Louie
Episode two: Poker/Divorce
11:30PM EST FX
If you weren’t already convinced that Louie was going to be a fascinating watch, this should be the clincher. The cold opening is a bunch of guys sitting around a table playing poker. Stop there, this could be scene from any one of a thousand sitcoms over the last half century.
But then you see who’s at the table – Louie, Jim Norton, Eddie Brill, Nick Di Paolo, Hannibal Buress, and Rick Crom. This isn’t your usual cast of sitcom characters, and they’re talking like they would if you walked in on them at the Comedy Cellar. They are busting each other’s chops, insulting each other’s mothers in vulgar and inventive ways.
Then the conversation turns to the one gay comic at the table, Rick Crom It starts as a free for all about gay sex, punchlines flying, and Di Paolo protesting he doesn’t want to hear the specifics. But then it turns into a poignant discussion about the word faggot, and the associations it conjures for gay men.

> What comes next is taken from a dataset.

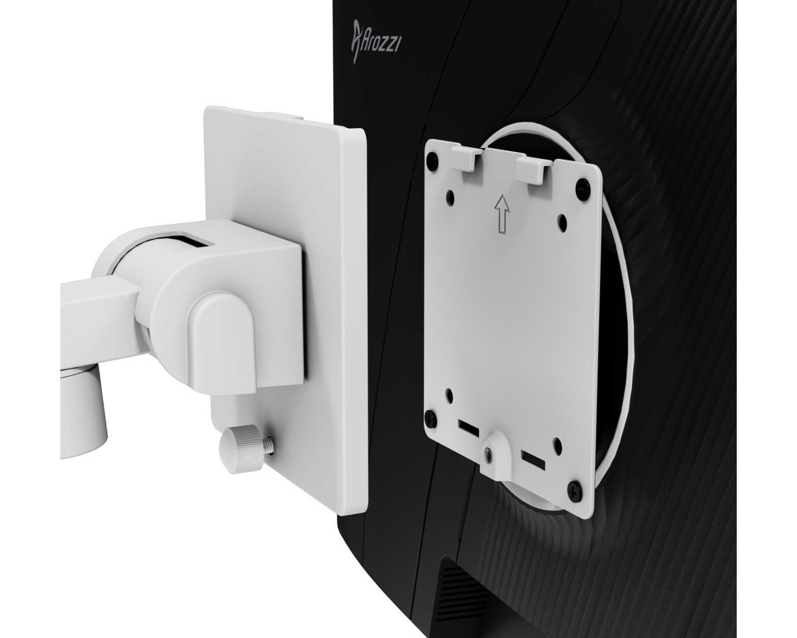 Alzare Neo PRO Skärmstativ är ett skärmstativ från Arozzi som erbjuder möjlighet att montera en skärm med en maximal vikt på 20 kg. Den vita designen ger en modern känsla, och den har flera justeringsmöjligheter, inklusive lutning och svängområde, vilket gör den idealisk för gamers och professionella användare. Skärmstativet är utrustat med VESA-fästen på 100x100 och 75x75, vilket ger bred kompatibilitet med olika skärmar.Stativet är tillverkat av stål, vilket säkerställer hållbarhet och stabilitet. Klämmonteringen gör det enkelt att installera skärmstativet på ett skrivbord utan att behöva använda skruvar. Med en lutning på +50° till -20° och ett svängområde på +90° till -90° kan användaren enkelt justera skärmen för optimal visning. Rotationsfunktionen på 360° ger ytterligare flexibilitet i placeringen av skärmen. Kabelhantering är även inkluderad, vilket bidrar till en välorganiserad arbetsyta.
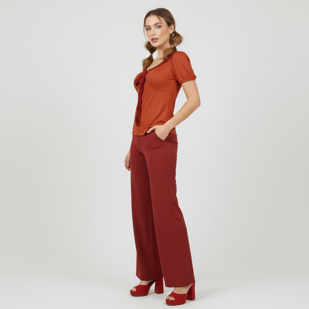 Pair them seamlessly with our Safrana Print Series for a bold, patterned statement or mix with the Safrana Color Series for a cohesive, monochromatic vibe – think vibrant reds and earthy tones that scream modern fashionista! Perfect for transitional seasons, these wide-leg wonders transition effortlessly from office meetings to evening outings, offering breathable comfort and a luxurious flow that moves with you. Don't just wear pants – make a statement.

At one point, the room gets quiet, and Crom talks about the medieval connotations of gay men being burned, but not on a stake, which would be too good for them. They were thrown into the kindling below instead to burn. There’s a long and troubling history associated with the word, and, Crom reveals, for some gay men, the word brings that up every time.
Again, C.K. avoids trying to take the high moral ground. Everything devolves into jokes again quickly, with everyone participating. And Crom leaning over to smooch Di Paolo’s head. The end result isn’t a judgment, it’s a bunch of guys bringing up a serious topic, showing their differences, and getting along. If only people behaved like that more often in real life.
And that’s all before the opening credits, which aren’t really opening credits, because they happen nearly eight minutes into the show. Nothing is taken for granted in this show. Everything falls where it feels right.
The second half of the show deals with life after divorce, set up by Louie onstage riffing on the topic. That’s followed by a short montage about the day of the divorce, with Robert Kelly playing Louie’s brother. Kelly gets some great mileage out of hammering the negative into Louie, telling him he’ll die alone under a thin blanker, actually asking him to picture it. (Kelly was only supposed to be in one episode, but C.K. says he’ll be back).
Louie then flashes back again, to his high school sweetheart, Tammy Wickilinis. Feeling a bit alone, he digs her up on Facebook, and decides to meet her face to face. Obviously, things have changes, and Tammy isn’t the cute little Tammy she once was. But C.K. avoids the obvious here, as well, and what could have been either a clichĂ© or complete sap turns into something hysterical and sweet.
The laughter continues over the closing credits back at the poker table, and you can tell its genuine for everyone in the scene, just as Louie is genuine all around.